RALEIGH, N.C. (WTVD) -- As rental prices continue to soar in North Carolina, affordable rentals are few and far between.
The lack of low-cost housing makes it especially hard for people with Housing Choice vouchers--also known as Section 8--to find a place to call home, and some are even losing their opportunity to use the program.
Raleigh resident Letrice Cox said she's had a tough go during the past six months-spending more than $1,000 just on application fees for places to accept her Section 8 voucher.
"It's hard," Cox said. "I've spent all my money I had saved."
Cox's voucher is for $1,177 for an apartment for her and her kids. That's just about $50 shy of last year's fair market rent for a two-bedroom apartment-which the Raleigh Housing Authority uses to calculate its grants to awardees.
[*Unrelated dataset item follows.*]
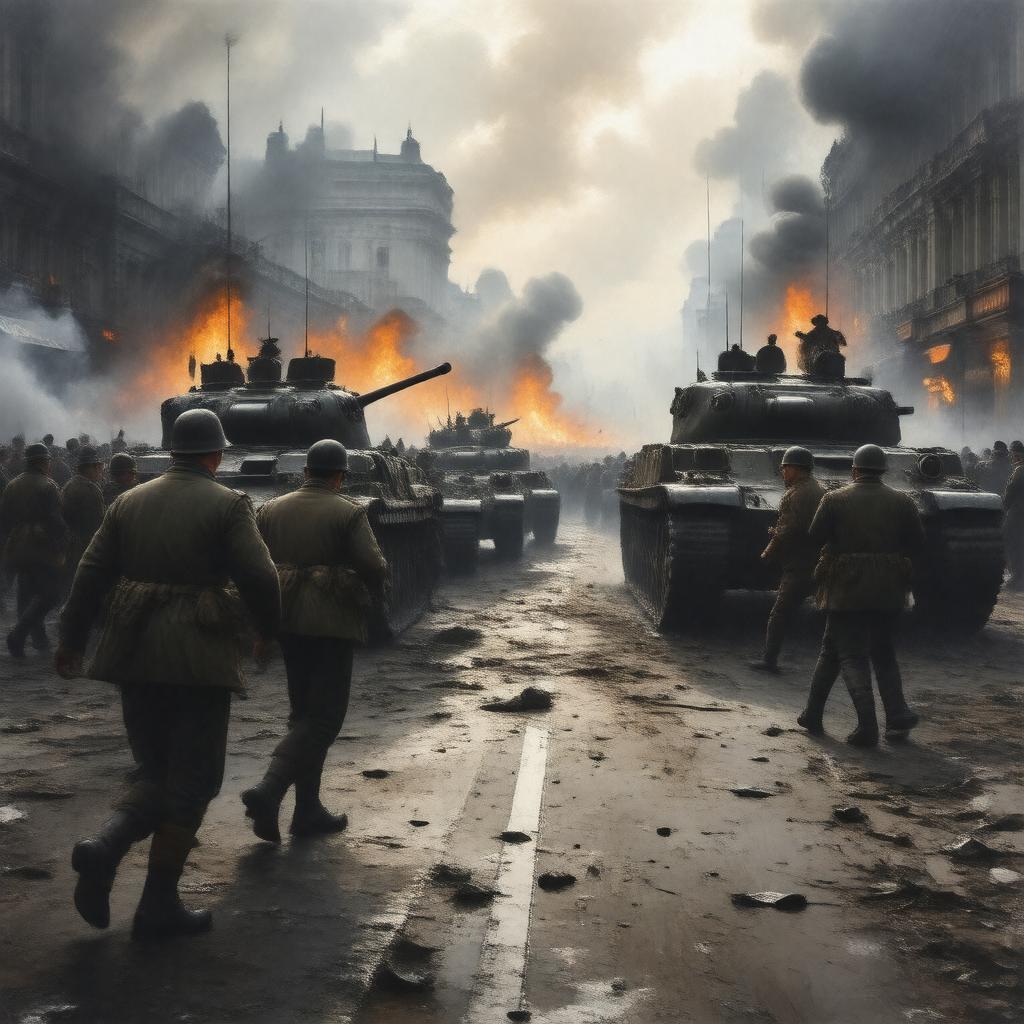 "Create an image depicting a dramatic and intense scene of the 1956 Hungarian Revolution, specifically showing a group of Hungarian protesters facing off against Soviet tanks in a Budapest street, with smoke and flames rising in the background, and a sense of chaos and urgency in the air, in a gritty and realistic style."

However, according to the real estate website Zumper.com, the average rent for a two bedroom apartment in the Triangle is about $1,600 per month, $400 more than the voucher. And Cox said additional requirements make finding an apartment nearly impossible.
"It's hard because you've got to make four times the rent," Cox said. "You know, everybody don't make four times the rate, especially if you're a single parent."
The Raleigh Housing Authority has extended her voucher three times to help her buy more time.
"They only give you 30 days," Cox said. "So after the 30 days is up after the three is over, they take it."
Cox said since she couldn't find a landlord to accept her Section 8 voucher, she and her kids have nowhere to go.
Sherri Harris is facing a similar situation.
"I'm trying everything--apartments, condos, everything. Sublease, everything," Harris said. "I can't, no one will bite."
Harris spent years on the waiting list before finally getting her voucher, but found it's not nearly enough to cover the cost of rent in Raleigh.
"I can't find anything under $1,400, period," Harris said. "I mean a two bedroom, one bath, and it was built in 1966."
According to both Durham Housing Authority and Raleigh Housing Authority, housing choice tenants pay 30% of their monthly income toward rent, with at least $50 going to rent and utilities.
Under the Fair Housing Act, landlords are not required to accept Housing Choice Vouchers. While landlords cannot discriminate based on gender, race or ability, they can screen for income, rent history, lease compliance and criminal background.
Before paying application fees...
- Ask if the landlord/property management company accepts Section 8 vouchers
- Ask how much past rental history affects chances of approval
- Ask how many people have already applied for the rental unit.